Now the public’s expectations are destroyed by homelessness, civil unrest, economic mayhem from the pandemic and gang shootouts. Steinberg and the bureaucracy he leads are exposed and vulnerable, like sheep stalked by wolves.
It gets worse. A City Council in transition, populated by naive and inexperienced members Valenzuela, Mai Vang and Sean Loloee, becomes an environment for poor judgment. December will deliver three more new members.
Prediction: Dysfunction and bad decisions rule City Hall in 2023.
A sense of inevitability settles over events that push the wounded city into summer: the Railroad Drive blockade, muddled rules for police, Valenzuela’s Cuban frolic.
Homelessness grows and drags the city down an aimless path.

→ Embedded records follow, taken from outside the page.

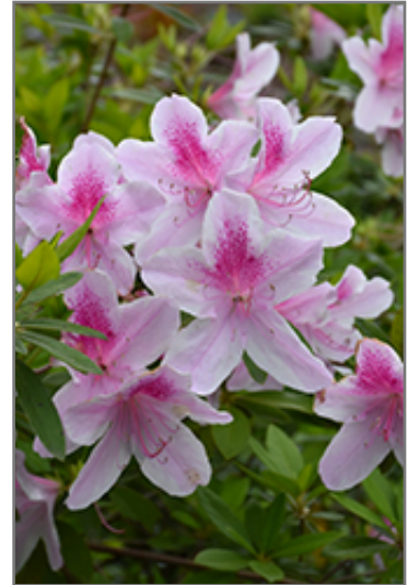
George Lindley Taber Azalea flowers
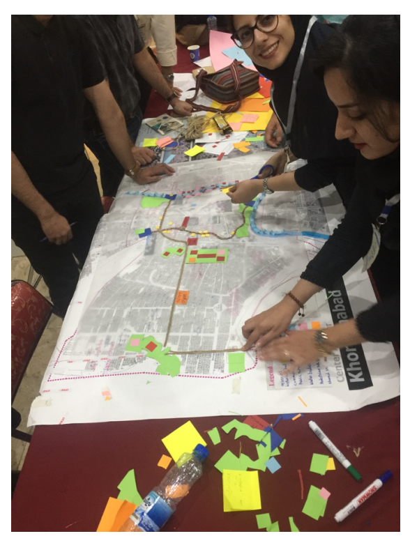
Figure 3. Designing together the healthy corridor for Old Bazar in Khorramabad, Iran. Workshop with local stakeholders, October 2017.
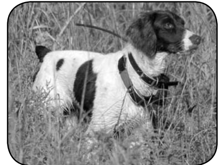
FC TERRA DOT
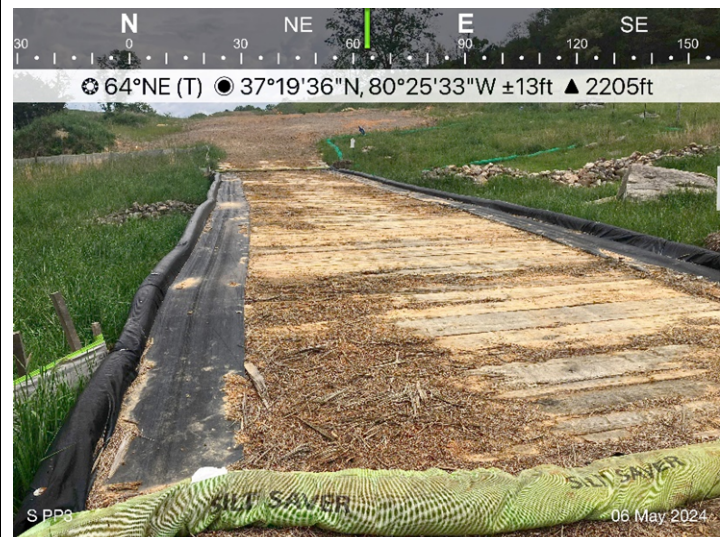
Figure 2: Designated crossing S-PP3, ESC is in place.
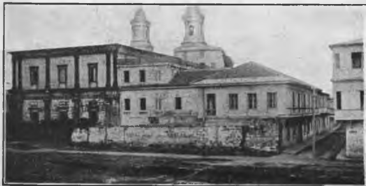
The Ateneo Municipal

With the following year, when he entered the Ateneo Municipal, his real schooling began. This school, whose semi-centennial is to be celebrated in 1909 and which has educated the greater part of the leading men of the Philippines of today, had been founded by the Jesuits upon their return to the Islands after nearly a century of banishment. In methods of instruction it was in 1872 the only modern school in Manila, but it was particularly because Filipinos were given the same treatment there as Spaniards that the school was so popular. Hundreds were going as day scholars awaiting a vacancy in the dormitory that they might enjoy the advantages of a boarder. It was not until his fourth year that José's opportunity came.
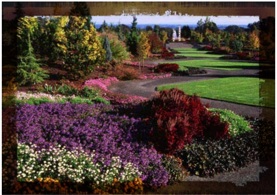
THE OREGON GARDEN
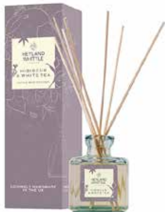
1148 Hibiscus & White Tea
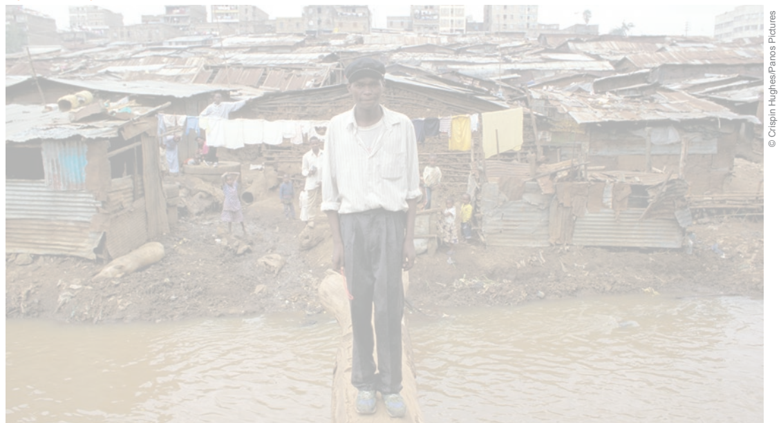
Village One, Mathare Valley, a slum in Nairobi.
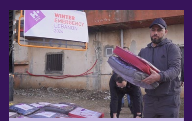
Blankets to help families stay warm in Lebanon.
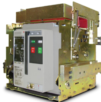
AR-Series Replacement Breaker
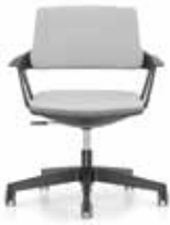
Conference chair, upholstered
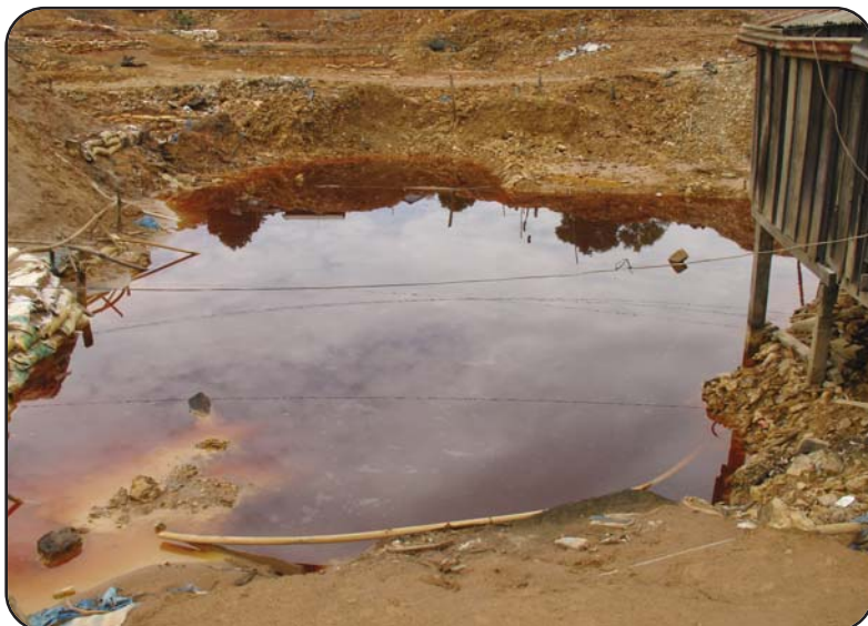
Toxic chemicals mixed with water used for refining gold, Cambodia

Given the above framework of law and policy with respect to gender equality in Cambodia, the study presents the field dynamics that influence gender relations in the context of the extractive industry.
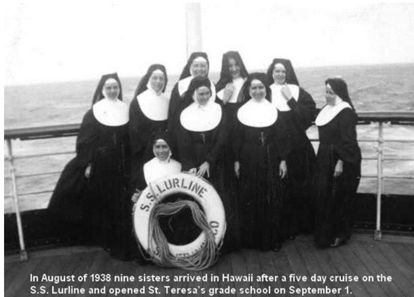
In August of 1938 nine sisters arrived in Hawaii after a five day cruise on the S.S. Lurline and opened St. Teresa's grade school on September 1.
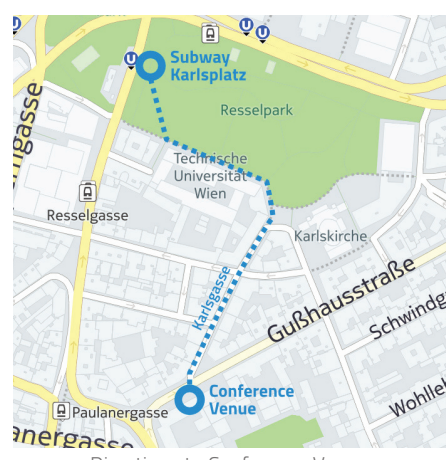
Directions to Conference Venue

Elektrotechnisches Institut Gußhausstraße 29 1040 Vienna, Austria

A willfully ignorant civilian police review commission dictates a mashup of dangerous policies. Valenzuela embraces radical politics and doubles down.
Maybe, just maybe, Steinberg and the City Council could have steered the city through one crisis. But not waves of disasters, not tent cities and doorway sleepers and civil eruptions and looting and COVID-19 and gang shootouts. Not this mayor. Not this City Council.
Katie Valenzuela didn’t represent the future of local politics when she picked Havana over Washington. But she sure sent a warning.